■ **TASK DIRECTIONS**: Print nothing beyond the line with "Як повідомлялося раніше, 23": every line from the beginning of the data up to it, that line included, and no pictures.

■ **DATA BELOW**:
>>
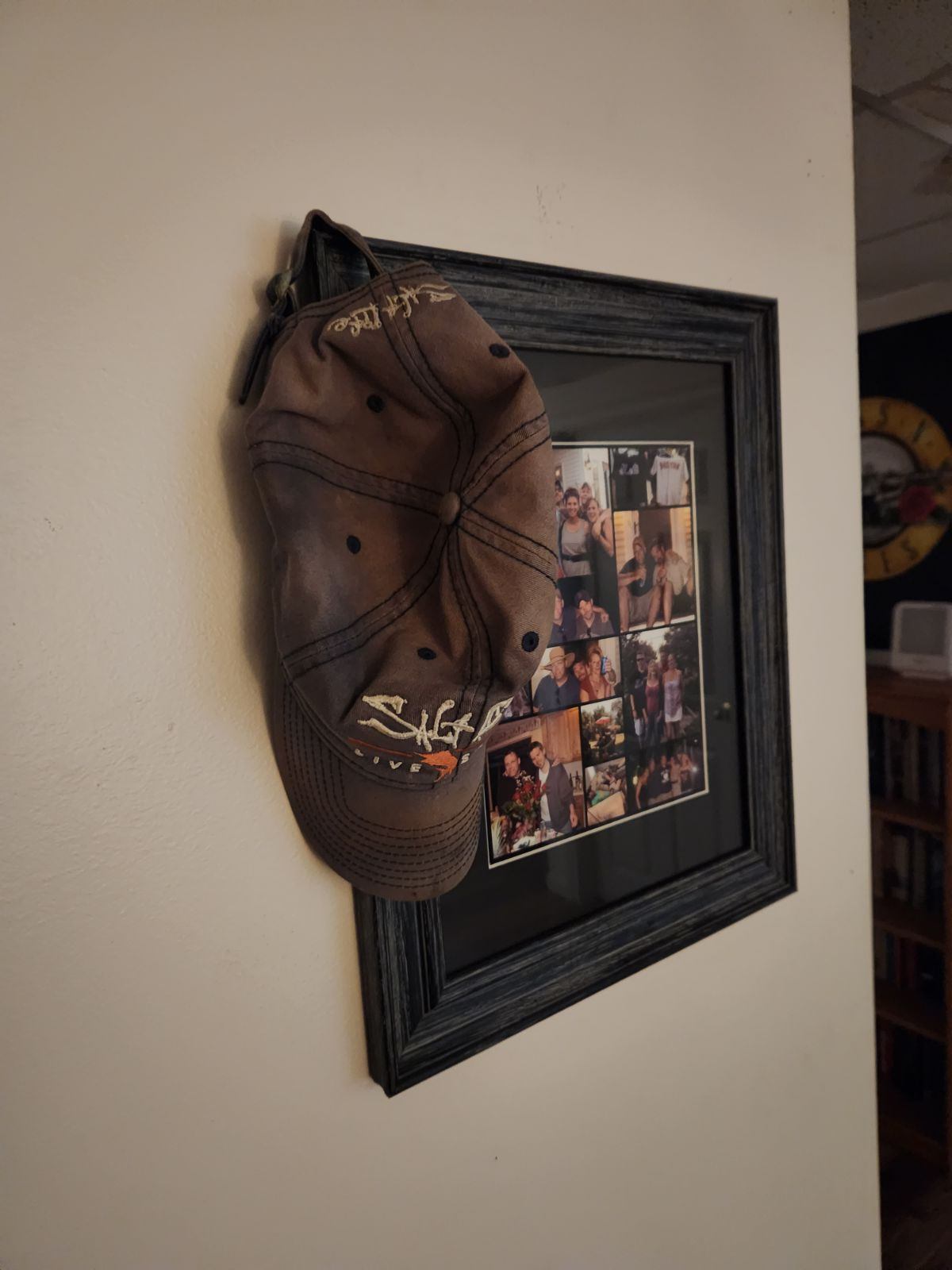 In my basement, there’s a collage of pictures of The Captain and me that my stepdaughter put together, and from the corner of the frame hangs one of The Captain’s battered baseball hats. Some days, I look at those pictures and that hat and I know that The Captain is never coming back.
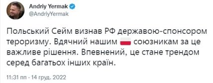 Як повідомлялося раніше, 23 листопада на черговій пленарній сесії Європейського парламенту було ухвалено рішення визнати росію спонсором тероризму. Двома днями раніше таке ж рішення було затверджено Парламентською асамблеєю НАТО.
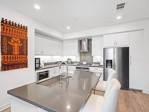 Welcome to Central Park West, Hudson enclave, a centrally located urban-style master planned community in the Irvine Financial District. This highly upgraded one level penthouse located on the fifth floor with court yard views featuring approximately 948 square feet of living space, 1 bedroom plus den / office, 1.5 bathrooms, 1 deck and 2 assigned parking spaces with elevator access. Home includes beautiful hardwood floors and custom shades throughout, high volume ceilings, open floor plan with multiple windows for natural light and energy-efficient LED recessed lighting. The modern, gourmet kitchen showcases European white cabinetry, quartz counter top with full back-splash, stainless steel appliances and a large center island. Spacious master bedroom with Berber carpet, large walk-in closet and master bath with enclosed shower. The energy-efficient package includes key less entry, Rukus wireless WiFi, ring video doorbell and App controlled thermostat. The 8,000 square-foot clubhouse / recreation center provides you with a bounty of amenities such as two Jr. Olympic saline pool, three outdoor Jacuzzi / spas, barbecue pavilion, state-of-the-art health fitness center, one outdoor half-basketball court and one pickle ball court. Live in Orange County’s newest, resort-style & recreational Oasis master planned community…The Central Park West
<<
■ **SOLUTION FOR THIS TASK**:
 In my basement, there’s a collage of pictures of The Captain and me that my stepdaughter put together, and from the corner of the frame hangs one of The Captain’s battered baseball hats. Some days, I look at those pictures and that hat and I know that The Captain is never coming back.
 Як повідомлялося раніше, 23 листопада на черговій пленарній сесії Європейського парламенту було ухвалено рішення визнати росію спонсором тероризму. Двома днями раніше таке ж рішення було затверджено Парламентською асамблеєю НАТО.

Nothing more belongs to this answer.